- Exercise instructions
Look below for the line with "Điểm nhấn độc", then repeat it and all lines after it, exactly, minus any pictures.

═════ Provided data

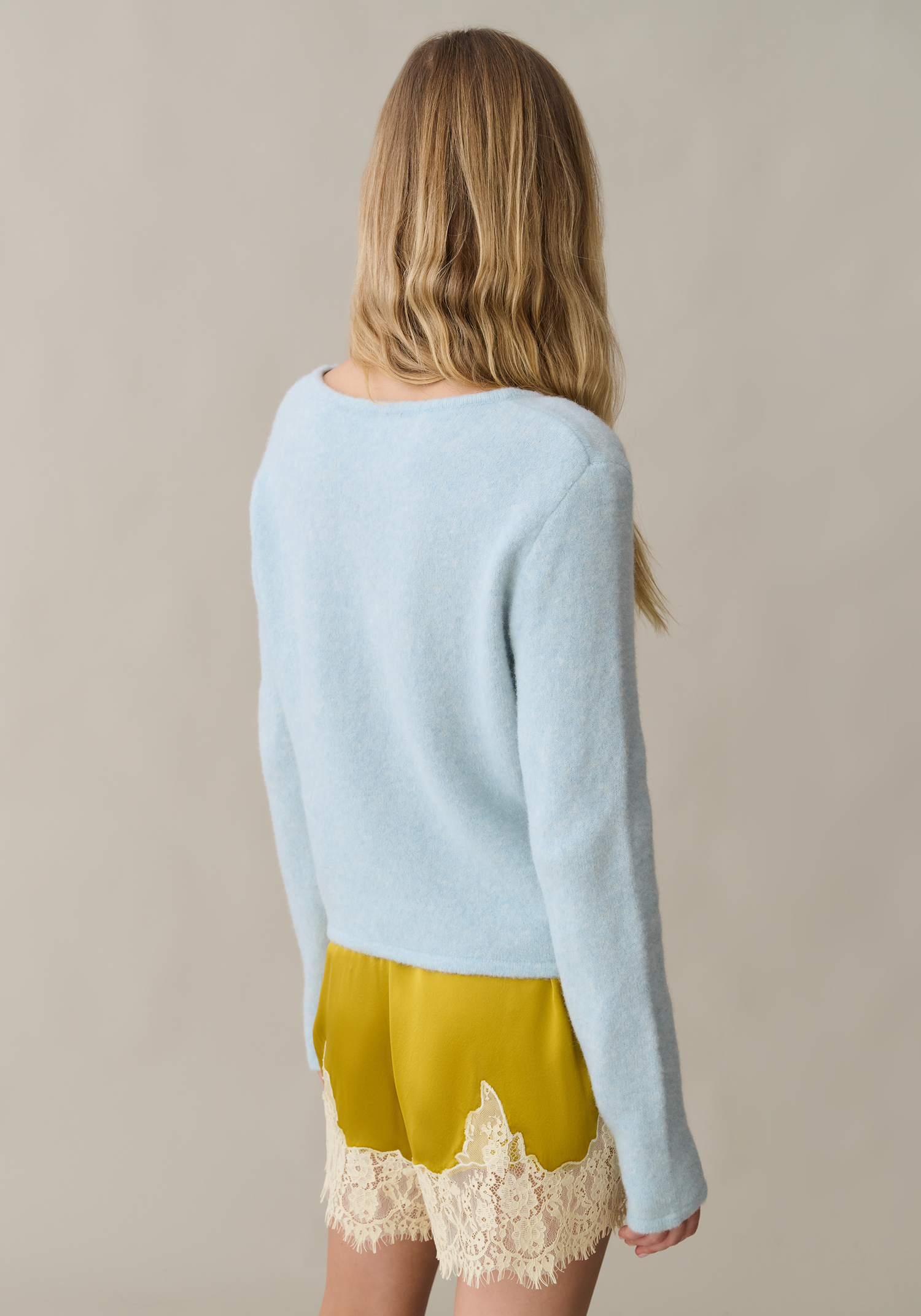 The Marielle Cardigan features a sweet, soft hue that adds a subtle yet stylish touch to any outfit. Crafted for cozy comfort, it is detailed with matching buttons that elevate its classic cardigan design.
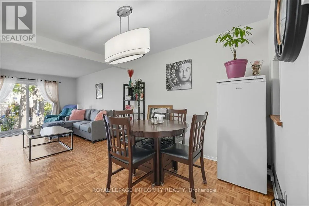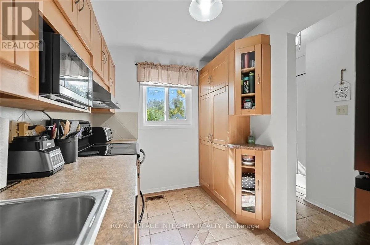 Cross Streets: Jeanne D'arc / Bilberry. ** Directions: Jeanne D'arc to Bilberry Drive. Welcome to this beautifully updated 2 bedroom, 2 bathroom condo townhome in sought-after Convent Glen! Step from the private pathway and welcoming front yard into a bright foyer with a large closet and convenient powder room. The updated kitchen offers ample storage with large pantry, wood cabinets and ceramic tile flooring. The open-concept dining and living room feature a cozy wood-burning fireplace, and patio doors that lead to a private patio, perfect to unwind after work or to entertain family and friends. Upstairs, a skylight brightens the hallway leading to two spacious bedrooms, and a full bathroom. The fully finished basement extends your living space with a recreation room, storage area and a large laundry room. The location is unbeatable - steps to schools, shopping, transit, and scenic NCC trails along the Ottawa River. Don't miss this opportunity - move-in ready and waiting for you! (id:27476)
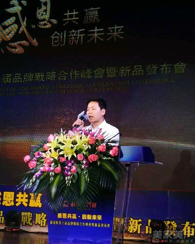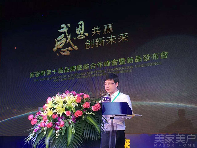 会上,新豪轩营销总监戚冰锋首先致辞,戚总监介绍了新豪轩在过去一年取得的成绩以及这一年营销上的战略部署,并感谢全体经销商对新豪轩一直以来的支持,并承诺新豪轩会与全体家人共创美好的明天。
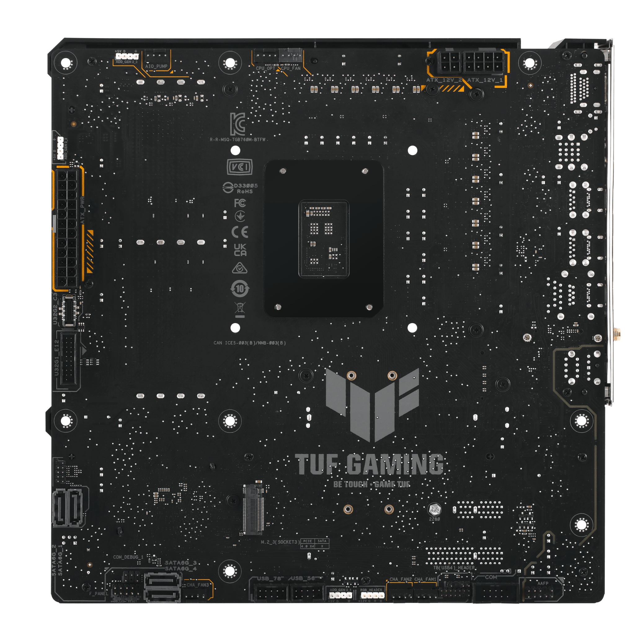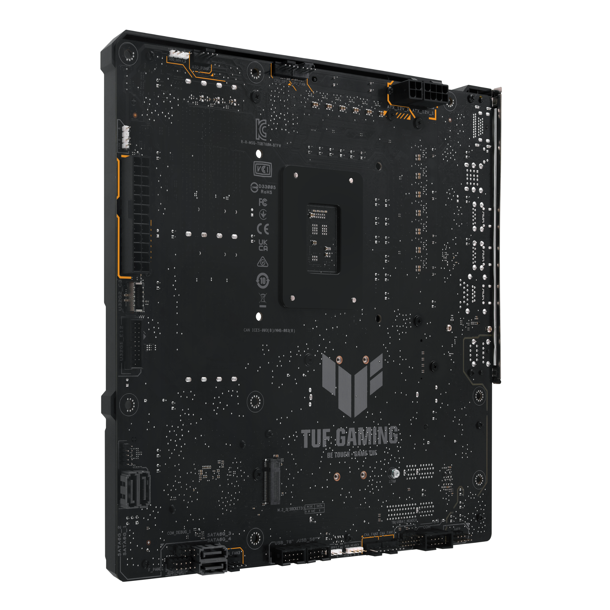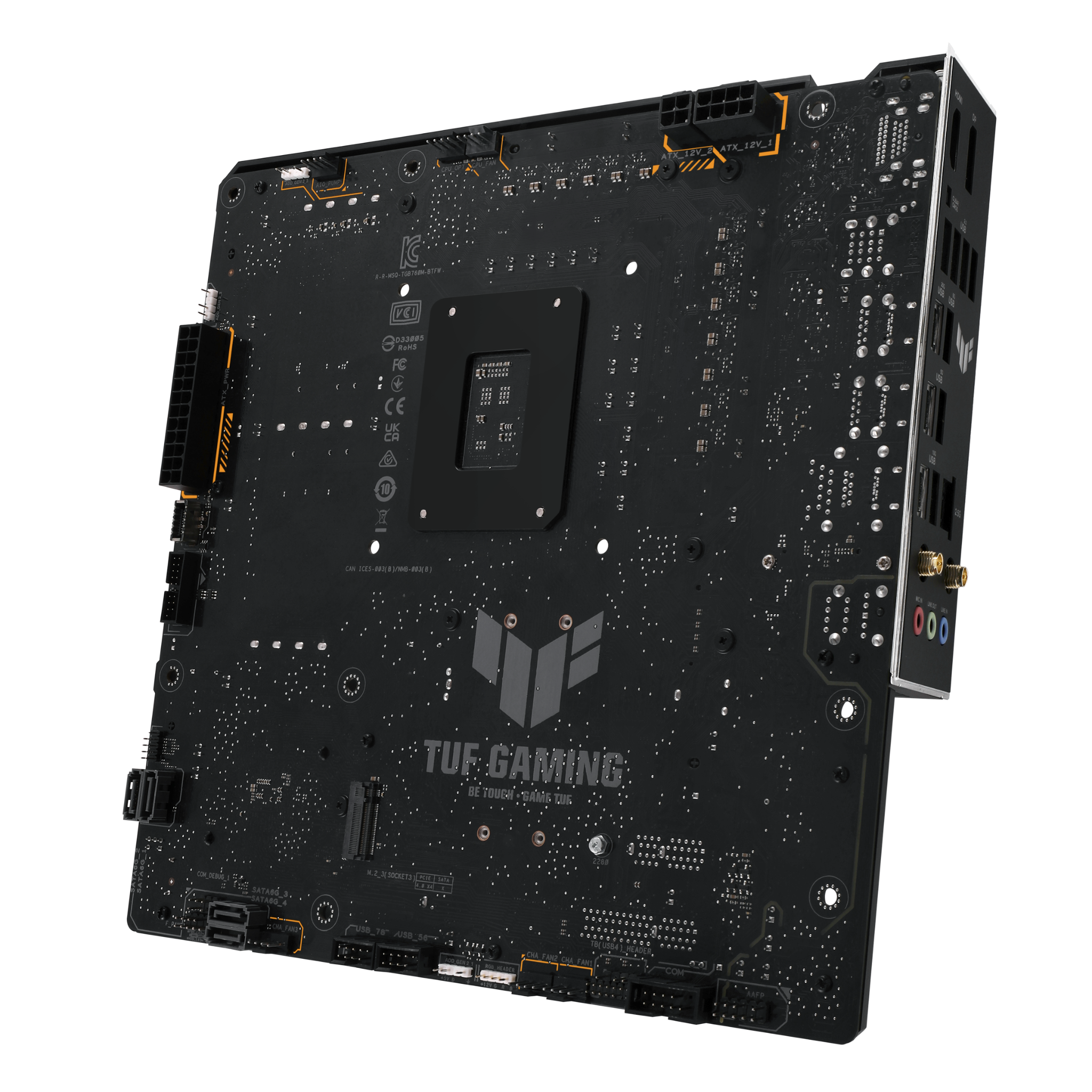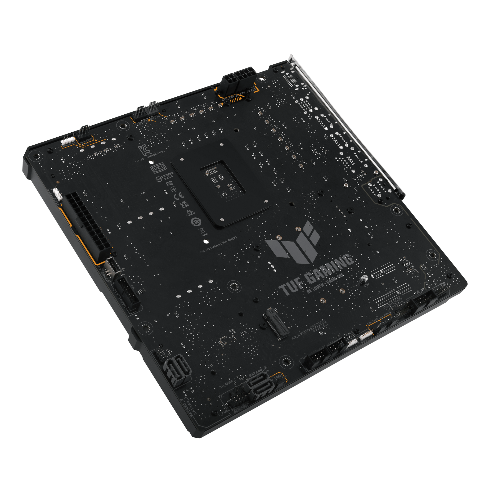 Điểm nhấn độc đáo và giá trị nhất của mainboard này chính là thiết kế "BTF" (Back To Future). Toàn bộ các cổng kết nối quan trọng như nguồn 24-pin, nguồn CPU 8-pin, cổng SATA, header USB và quạt đều được di chuyển ra mặt sau của bo mạch chủ.
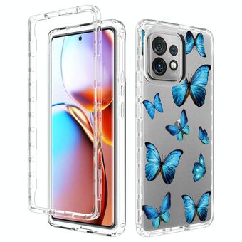 For Motorola Edge+ 2023 Transparent Painted Phone Case(Blue Butterflies)
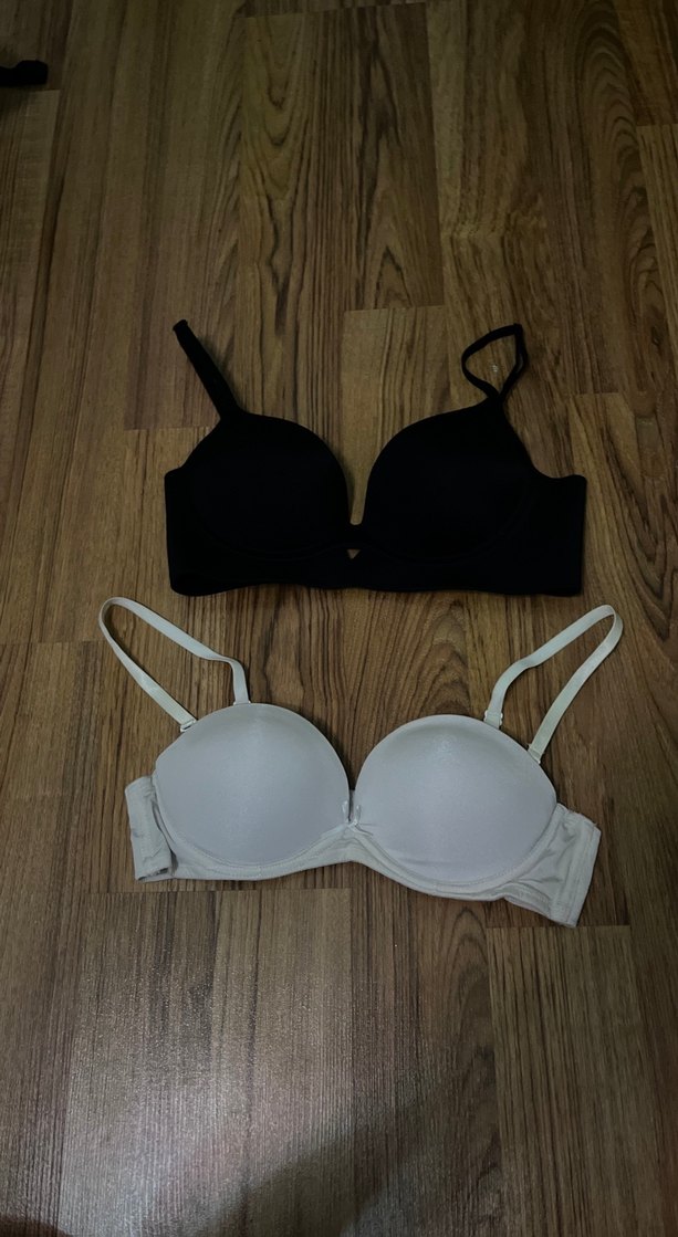 Beyaz minimalist, desensiz, normal uzunlukta askılı sütyen, sade ve şık bir tarz sunar.

══════════

- Result of this task
 Điểm nhấn độc đáo và giá trị nhất của mainboard này chính là thiết kế "BTF" (Back To Future). Toàn bộ các cổng kết nối quan trọng như nguồn 24-pin, nguồn CPU 8-pin, cổng SATA, header USB và quạt đều được di chuyển ra mặt sau của bo mạch chủ.
 For Motorola Edge+ 2023 Transparent Painted Phone Case(Blue Butterflies)
 Beyaz minimalist, desensiz, normal uzunlukta askılı sütyen, sade ve şık bir tarz sunar.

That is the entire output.